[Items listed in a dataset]
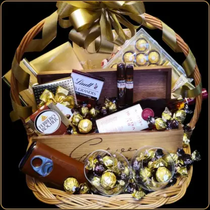 Bilo da kupujete poklon za muža ili želite da iznenadite poslovnog partnera nečim autentičnim, ova korpa nosi snažnu poruku pažnje. U svakom segmentu odiše pažljivim izborom – od vrhunskog konjaka, preko luksuznih čokolada, do elegantnih čaša i dodataka za cigare.
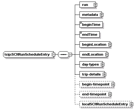 | children | run metadata beginTime endTime beginLocation endLocation day-types trip-details begin-timepoint end-timepoint localSCHRunScheduleEntry | ||
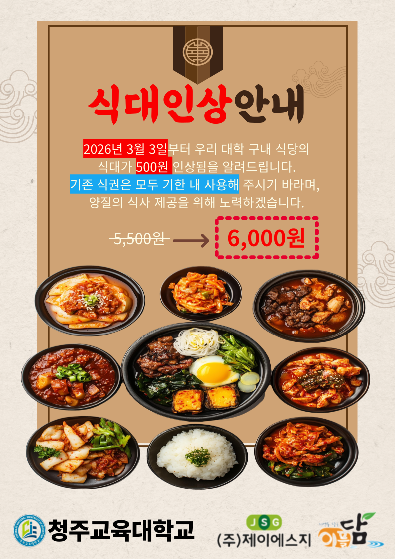 대학 구내식당 식대인상 안내
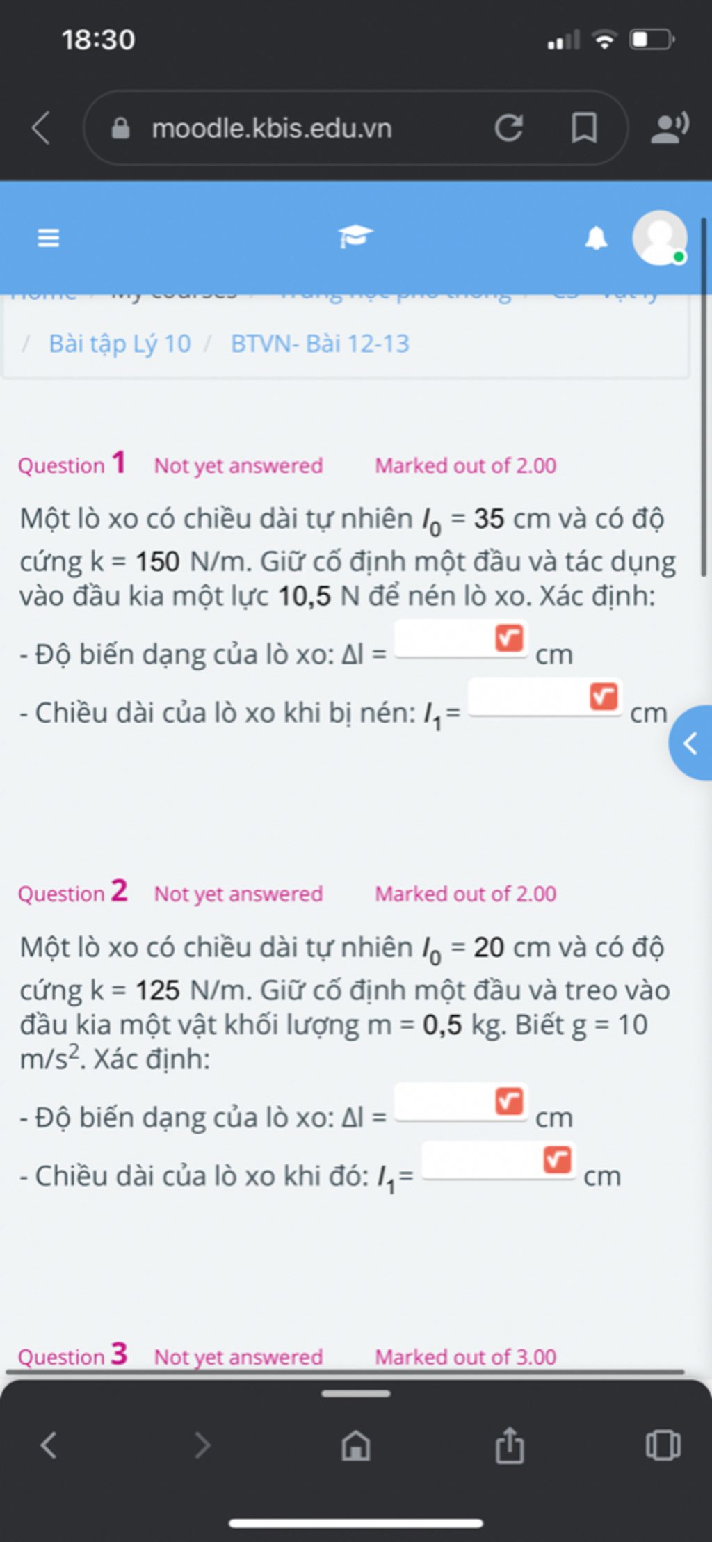 Chiều dài lò xo khi bị nén là:
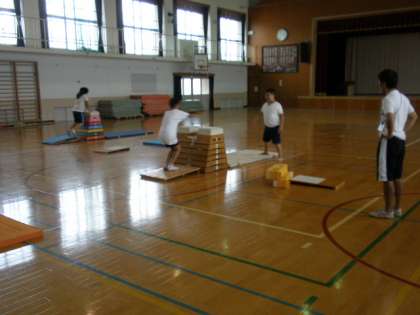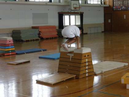 今日は少し難しい閉脚跳びに挑戦しました。怖がらずに全員が意欲的に挑戦しました。見事に跳べるようになった人がいました。
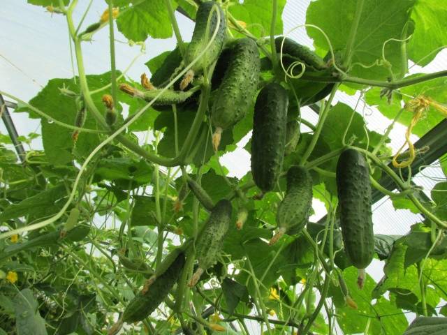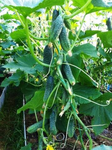 Frutificação de pepinos O namorado é longo, até o início das geadas de outono. A variedade tolera bem snaps frios.
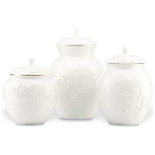 Descrição: Adicione um toque de elegância à sua cozinha com este conjunto de potes esculpidos da Lenox. Projetados com um acabamento em porcelana branca sofisticada, esses potes são perfeitos para armazenar seus ingredientes favoritos ou para servir em ocasiões especiais.
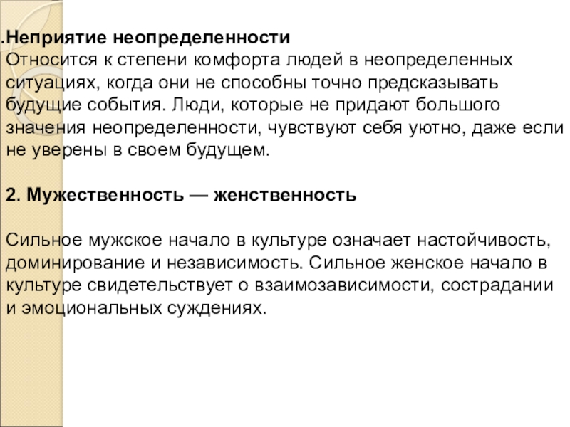 Относится к степени комфорта людей в неопределенных ситуациях, когда
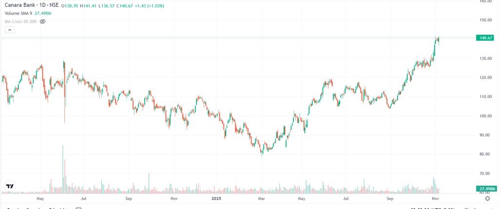Canara Bank का शेयर 1.03 फीसदी की तेजी के साथ 140.67 रुपये पर ट्रेड कर रहा है. पिछले सप्ताह में शेयर 2.69 फीसदी ऊपर गया है, जबकि पिछले तीन महीनों में 30.38 फीसदी और पिछले एक साल में 35.66 फीसदी की शानदार बढ़त दर्ज की है. बैंक का मार्केट कैप 1,27,596.85 करोड़ रुपये है (7 नवम्बर 2025 तक). हाल ही में बैंक ने 200 फीसदी का फाइनल डिविडेंड (4 रुपये प्रति शेयर) घोषित किया है.
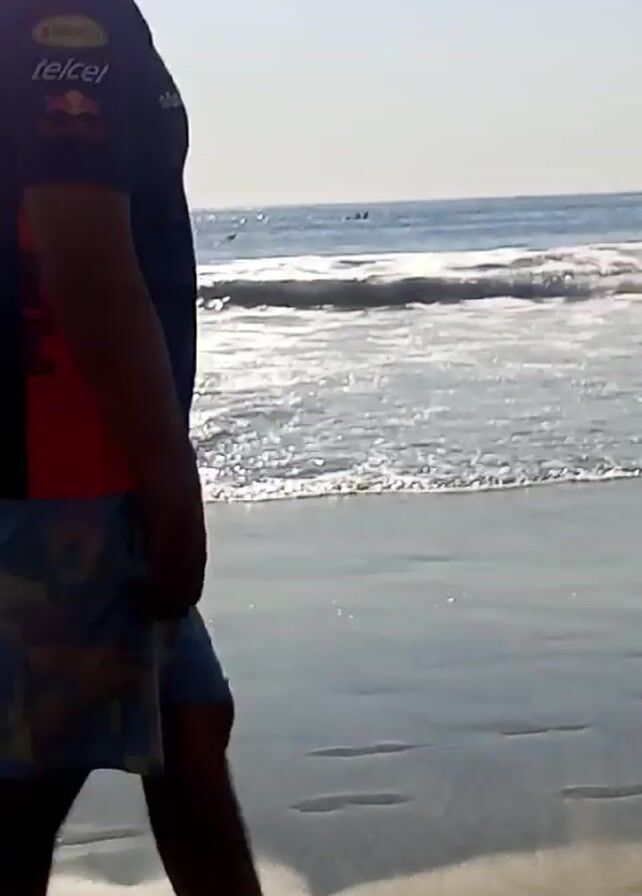 sunny beach scene. There are several people in the water, including adults and children. Some are standing, while others are wading or swimming. One person is carrying a colorful boogie board. In the background, boats can be seen on the water, and a tall building is visible along the coastline. In the foreground, the sandy beach is wet from the receding waves, reflecting the light. Several people are walking along the beach.

### How to complete this task
Would you give again, exactly, the lines in the data above that run from the line containing "今日は少し難しい閉脚跳びに挑" to the line containing "Относится к степени"? Include both ends and no pictures.

### Exercise result
 今日は少し難しい閉脚跳びに挑戦しました。怖がらずに全員が意欲的に挑戦しました。見事に跳べるようになった人がいました。
 Frutificação de pepinos O namorado é longo, até o início das geadas de outono. A variedade tolera bem snaps frios.
 Descrição: Adicione um toque de elegância à sua cozinha com este conjunto de potes esculpidos da Lenox. Projetados com um acabamento em porcelana branca sofisticada, esses potes são perfeitos para armazenar seus ingredientes favoritos ou para servir em ocasiões especiais.
 Относится к степени комфорта людей в неопределенных ситуациях, когда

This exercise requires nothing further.